Guilherme Arantes () is a Brazilian singer-songwriter and pianist. He is Steinway Artist.

As a teenager, he was a member of the band Os Polissonantes, which also featured Brazilian actor Kadu Moliterno on bass guitar. In 1969, Arantes started the band Moto Perpétuo with fellow students from USP's architecture course.

It was with Moto Perpétuo that Arantes got his first taste of touring and recording in a studio. The band split up in 1974 as Arantes wanted to pursue a more commercial, pop style of music.

Arantes dropped out of university to dedicate himself to his solo career, and in 1976, his song "Meu Mundo e Nada Mais" (My world and nothing more) was picked by Rede Globo to feature in the soundtrack for the telenovela Anjo Mau. The song was a hit, and Arantes toured the country for the first time.
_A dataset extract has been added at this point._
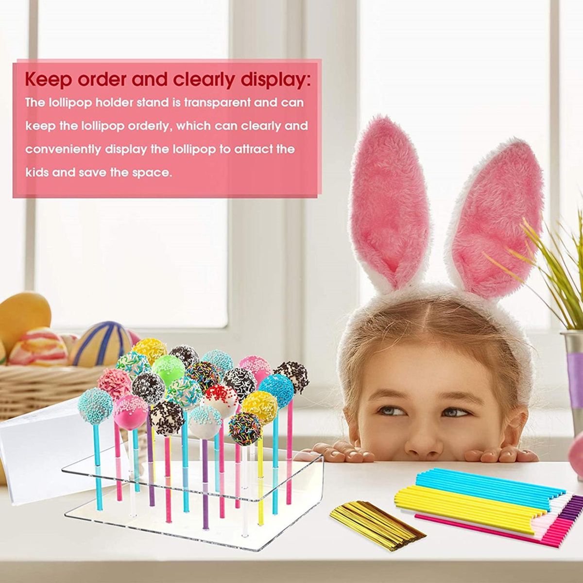 Our lollipop display stand, the perfect solution for showcasing your delicious lollipops in a stylish and organized manner. made from high-quality acrylic, this lollipop holder is not only durable but also easy to clean, ensuring a long-lasting and hygienic display option.

His first self-titled album was released the same year on Globo's Som Livre label. The song "Cuide-se Bem" (Take good care) from the same record, was also picked by Globo for another telenovela, Duas Vidas. Arantes went on to write another 23 songs for Globo's telenovelas, with most of them becoming radio hits. Besides his solo work, he has also written songs for artists such as Gang 90 & Absurdettes, Elis Regina, Marina Lima and Maria Bethânia.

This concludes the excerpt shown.